If you are absent, recoved by:
- browsing last week's document
- asking for details at the next week session

Timespace Coordinates for 2023

lecture: Thursdays 9.00-10.30 in room S7
lab/project progress: right after the lecture, i.e. Thu 10.40-12.10 in room S7
STARTING DATE: Thu Feb 16, 2023

Additional Sources

MTtalks - a series of short videolectures illustrating the basic concepts, accompanied with a wiki to explain the details.
MT-Class.org - four other university MT classes.
Book: Statistical Machine Translation (Philipp Koehn). In the library or at Amazon (UK, US).
Book: Čeština a strojový překlad (Ondřej Bojar). In the library or at Knihkupectví Karolinum.

Requirements

Key requirements:

Work on a project (alone or in a group of two to three).
Present project results (~30-minute talk).
Write a report (~4-page scientific paper).

Contributions to the grade:

10% homework and activity,
30% written exam,
50% project report,
10% project presentation.

Final Grade: ≥50% good, ≥70% very good, ≥90% excellent.

License

Unless otherwise stated, teaching materials for this course are available under CC BY-SA 4.0.

Legend:

The dates below indicate when we talk about it. Remember to watch the Full Lecture Video much earlier.

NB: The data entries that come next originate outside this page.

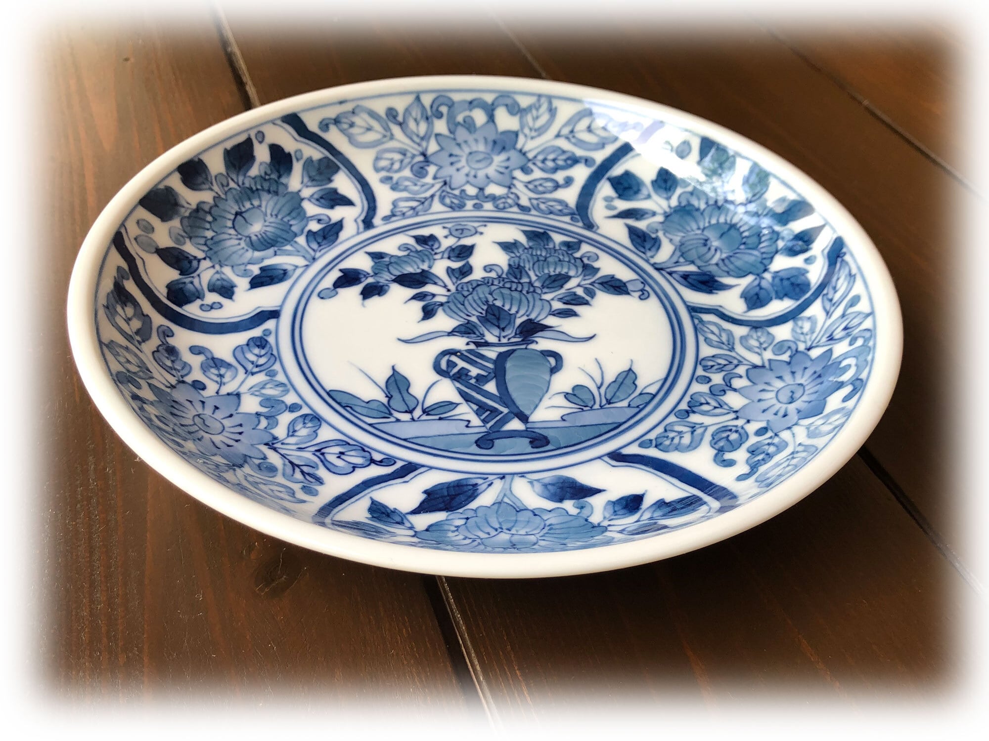 ■異なる花柄を交互に下絵付をしています。中は牡丹を生けた花瓶になっています。とても密に描いておりますので、飾るもいいですし、料理に使用しても、とても映えると思います。どれも各々手作りにつき、申し訳ありませんが、在庫は一点のみとなります。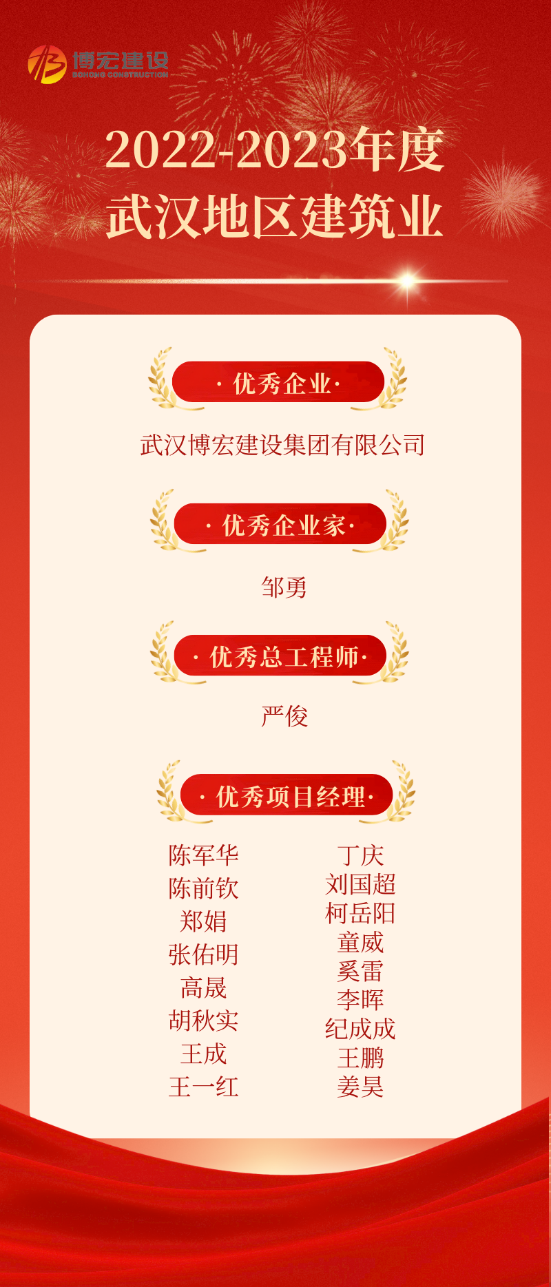 近日,2022-2023年度武漢地區(qū)建筑業(yè)優(yōu)秀企業(yè)、優(yōu)秀企業(yè)家、優(yōu)秀總工程師、優(yōu)秀項(xiàng)目經(jīng)理選樹(shù)結(jié)果正式發(fā)布,博宏建設(shè)集團(tuán)喜獲“大豐收”,獲評(píng)1項(xiàng)優(yōu)秀企業(yè)、1人獲評(píng)優(yōu)秀企業(yè)家、1人獲評(píng)優(yōu)秀總工程師、17人獲評(píng)優(yōu)秀項(xiàng)目經(jīng)理!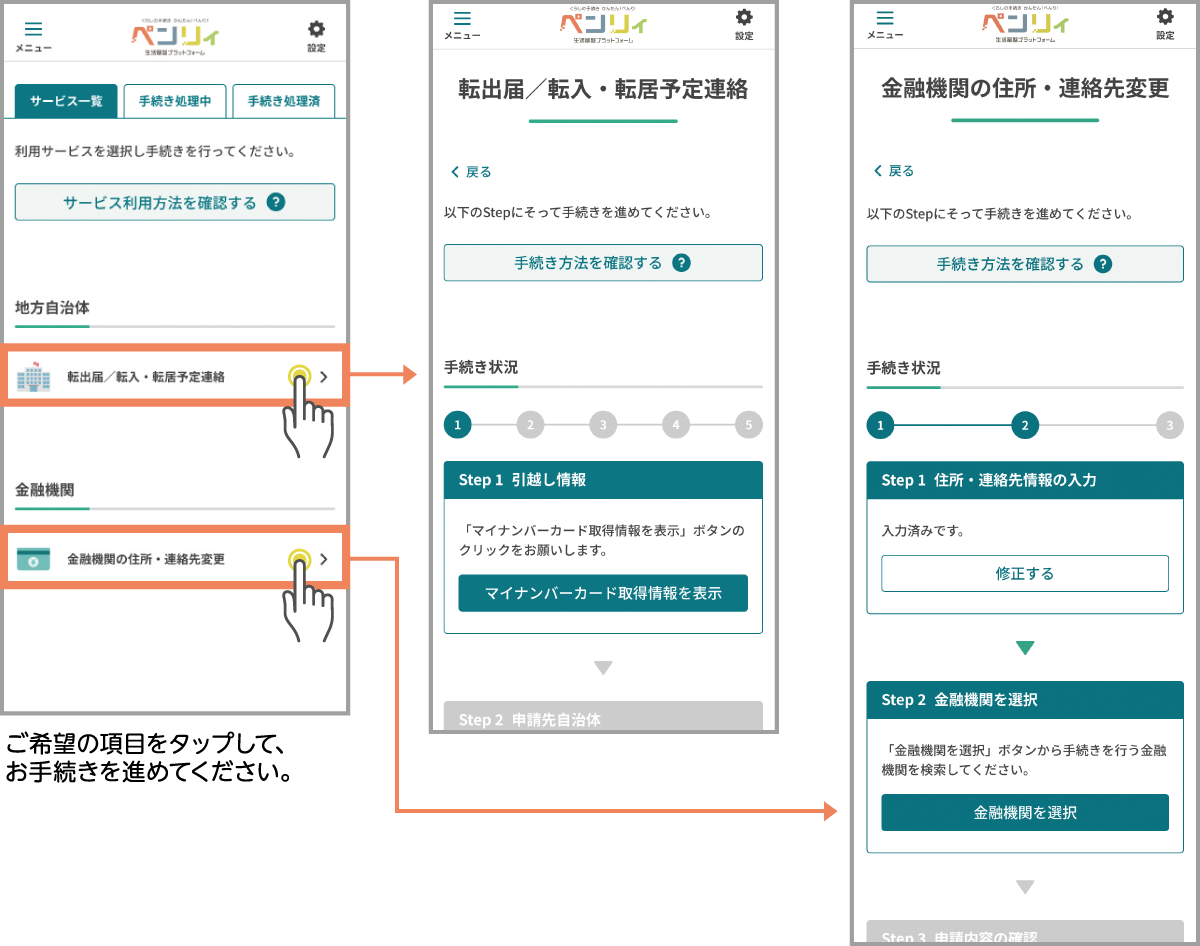 スマートフォンとマイナンバーカードを活用して、全国の自治体への「転出届/転入・転居予約」、金融機関やインフラ企業への「住所等変更」「口座振替」手続きを、窓口に行く手間なくオンラインで完結いただけます。

If you see an older year than 2024, the entry has not yet been updated.

0. Class Overview and Project Suggestions

Feb 23, 2024 Intro Slides Project Topics

Course overview.
Grading.
Other remarks:
- General status of MT.
- Large LMs and why are they so relevant for this class.
Other slides presented:
- Illustration of CoLeTra (github), live lecture translation
- High-level problems of evaluation at close-to-human performance (slides from DaiZ 2023)
- Understanding from the semiotic point of view: Slides 70-72 from Ondřej's 2017 Monday talk (video):

1. Metrics of MT Quality

Feb 28, 2025 Lecture Slides Full Lecture Video Shared Doc

MT Talks: Evaluation in General MT Talks: Automatic Evaluation (PER and BLEU)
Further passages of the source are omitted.